The list of foods available in the cafeteria and their portion sizes are shown in Table 1, reporting 216 meals grouped into fourteen items. The random weight measurements of the available meals, carried out during a period of 4 weeks by three trained dietitians, showed that most of the portions were large sizes as well as greater than those suggested by the Italian portion standards(27, 28).
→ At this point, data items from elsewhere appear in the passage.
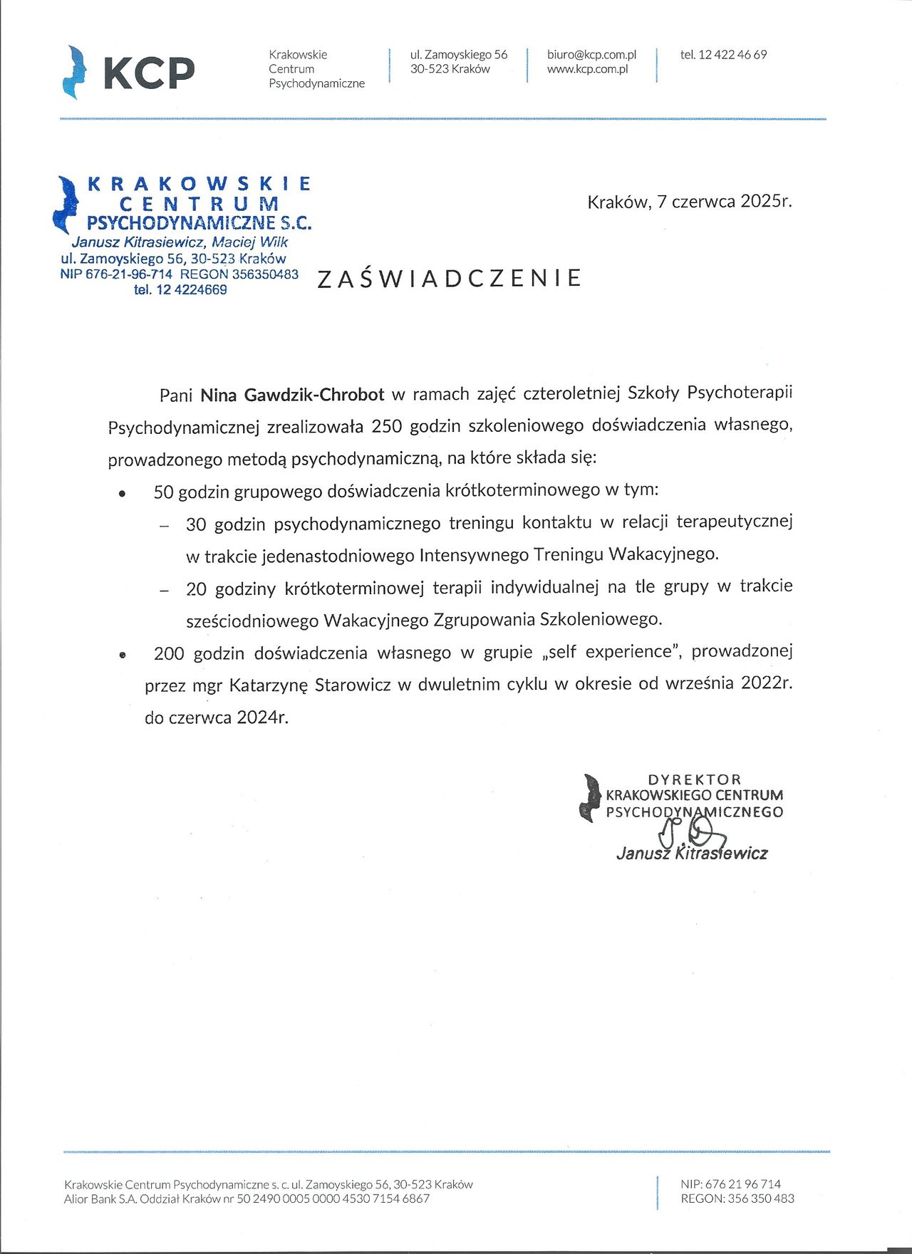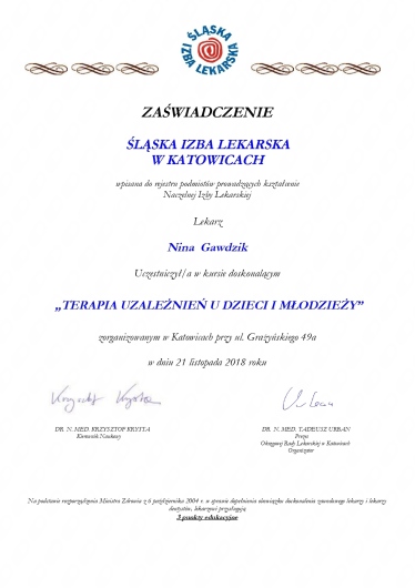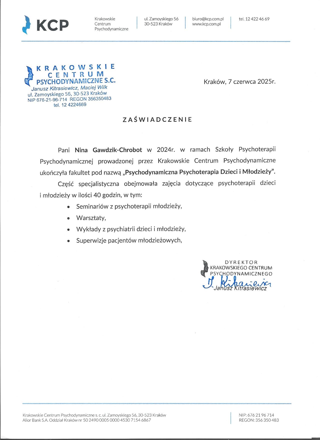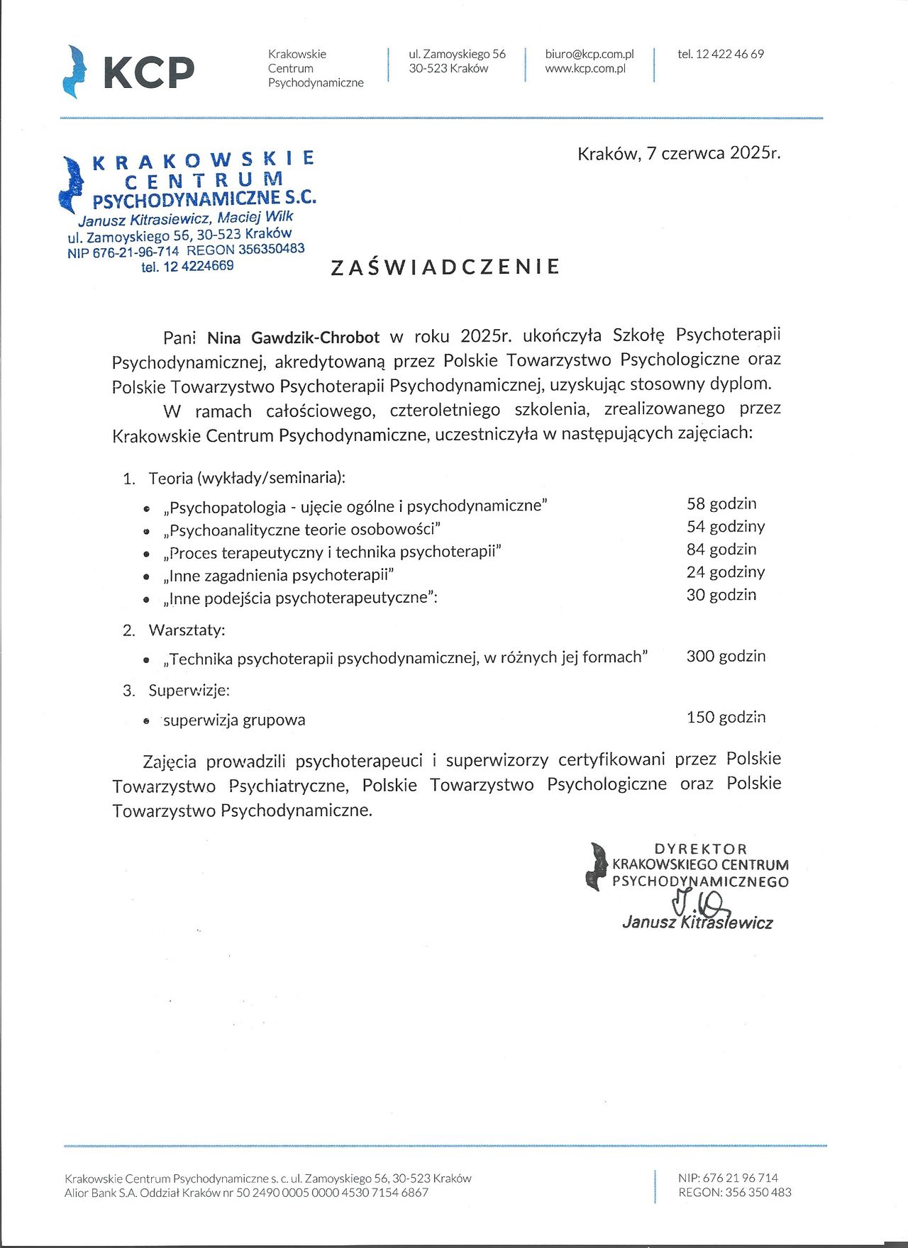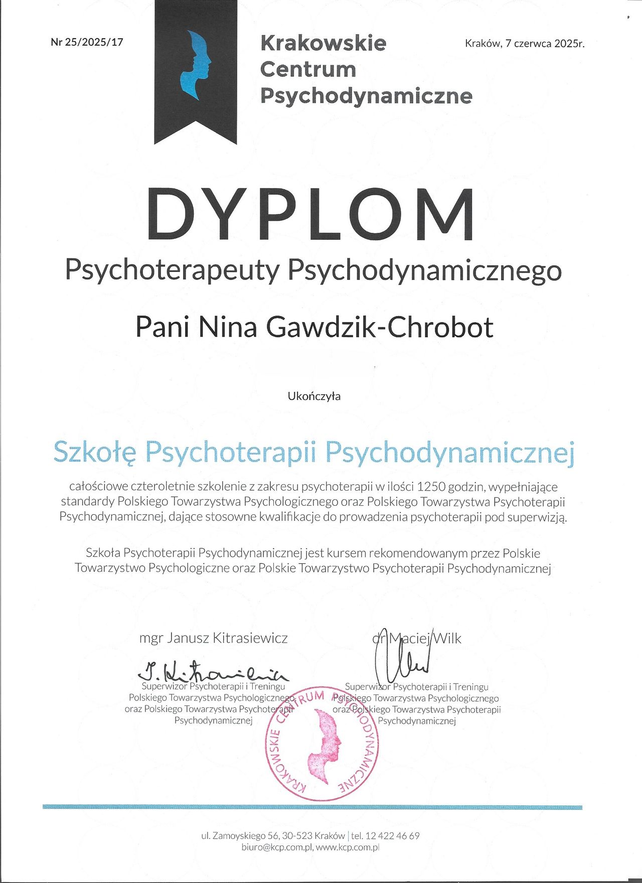Jestem specjalistą psychiatrii oraz psychoterapeutą, pracującym w nurcie psychodynamicznym. Ukończyłam czteroletnie szkolenie w Krakowskim Centrum Psychodynamicznym, uzyskując gruntowne przygotowanie do pracy psychoterapeutycznej. Specjalizację z psychiatrii odbywałam w Klinicznym Oddziale Psychiatrii w Tarnowskich Górach.
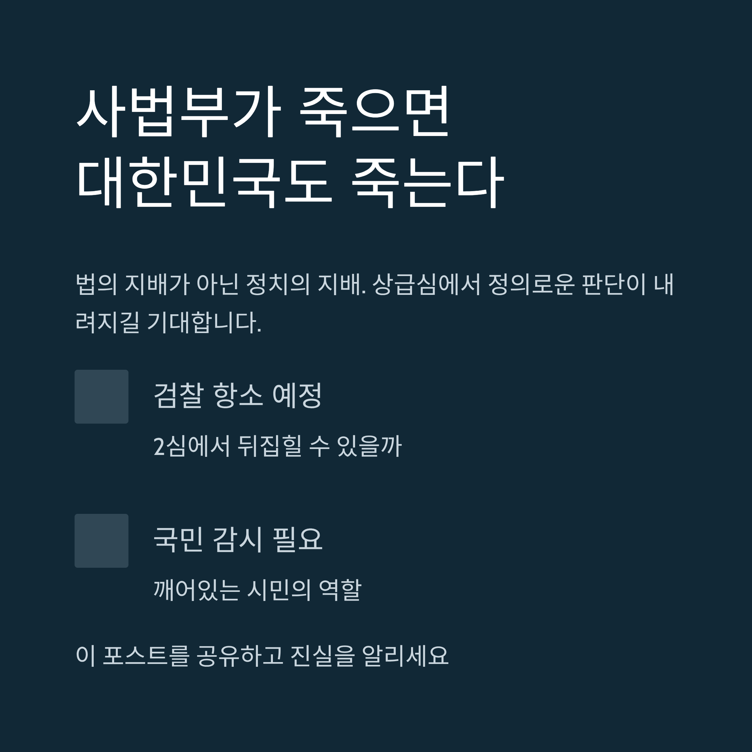 "AI 판사를 도입하라"는 자조 섞인 목소리가 단순한 불평으로 들리지 않는 이유는, 인간 판사들의 양심과 법리가 정치 권력 앞에 무력화되는 모습을 목도하고 있기 때문입니다. 유가족인 이래진 씨의 절규처럼 이번 판결은 "사회적 타당성을 현저히 상실한" 판결입니다. 검찰의 항소가 예상되는 가운데, 상급심에서는 부디 정권의 눈치가 아닌, 오직 헌법과 법률, 그리고 국민의 상식에 부합하는 정의로운 판단이 내려지기를 기대합니다. 사법부가 죽으면 대한민국도 죽습니다. 지금은 깨어있는 국민들의 감시와 비판이 그 어느 때보다 필요한 시점입니다.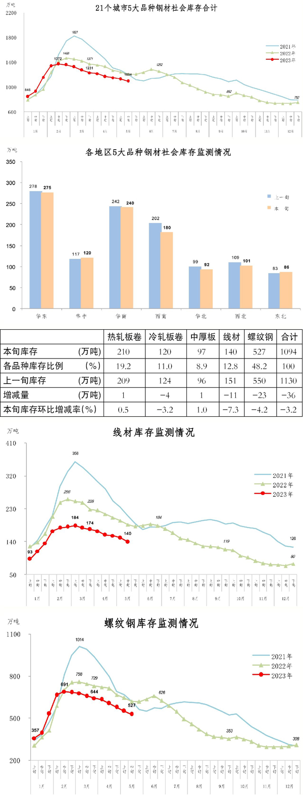 5月中旬,21個城市5大品種鋼材社會庫存為1094萬噸,環比減少36萬噸,下降3.2%,庫存繼續下降;比今年初增加342萬噸,上升45.5%;比去年同期減少114萬噸,下降9.4%。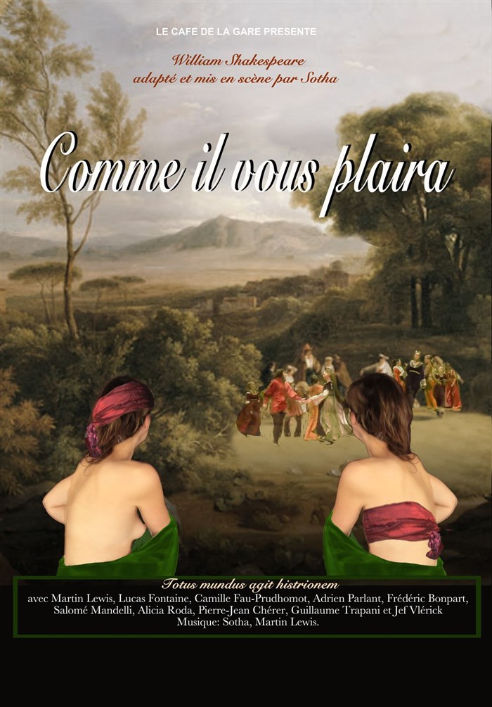 J'ai choisi de monter " Comme il vous plaira " (As you like it) parce que c'est le Shakespeare préféré de Brigitte Fontaine, que je salue.. Et aussi parce qu'en la lisant, j'ai compris que le vrai théâtre vivant est celui des auteurs " disparus ". D'ailleurs, Shakespeare n'est pas mort (si vous en voulez la preuve , venez nous voir)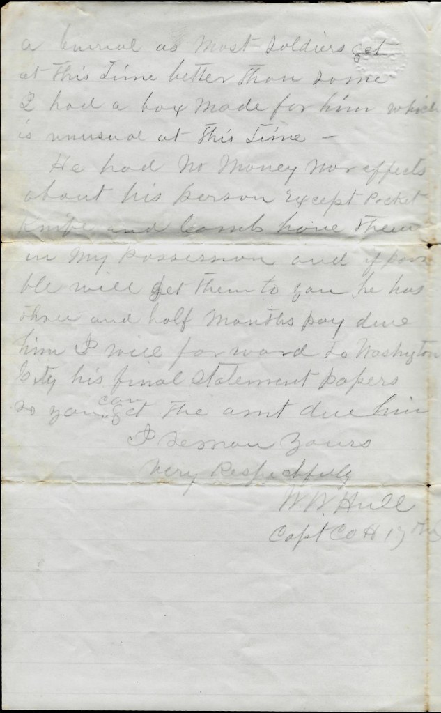 He had no money nor effects about his person except pocket knife and comb. Have them in my possession and if possible will get them to you. He has three and a half months pay due him. I will forward to Washington City his final statement papers so you can get the amount due him.

Table 1 List of meals available in the cafeteria and their portion sizes

*Bread, not filled.

The meals’ nutritional values were reported in dietary pyramids, subdivided into three coloured levels: at the bottom, the green colour, showing that the meals included here can be habitually eaten; in the middle, the orange colour, showing the meals that can be eaten with caution; and at the top, the red colour, showing the meals that must be eaten only occasionally. The energy content was the criterion according to which every meal was depicted in the different levels: at the bottom, the meals with the lowest energy content; in the middle, those with the average values; at the top, those with the highest values. The cut-off points for categorization into the three groups were derived by dividing by three the range between the lowest and the highest energy value for the meal. Each pyramid level reported the mean value and the range for energy and macronutrient content of the meals included within it.

The salads pyramid was slightly different from the others. In this green coloured pyramid, the nutritional values reported corresponded to those of a plain green mixed salad that may be enriched with other ingredients, such as cheese, sausage, meat, würstel, eggs, ham and boiled potatoes, for which only the energy content was provided.

Thirteen pyramids were depicted in total: four for first courses, two for main courses, one for pizzas, one for sandwiches and ‘focaccia’, one for cheese, one for salads, one for vegetables, one for desserts and one for salad dressings.

The meals reported in the green level represented 32·4 % of the whole meals available in the cafeteria, those in the orange level 39·8 % and those in the red level 27·8 %. The pyramids with the greatest number of meals in the red level were the sandwiches (n 11) and desserts (n 8) ones, followed by the ‘white’ dressed pasta (n 6), filled pasta (n 5) and pizzas (n 5) ones.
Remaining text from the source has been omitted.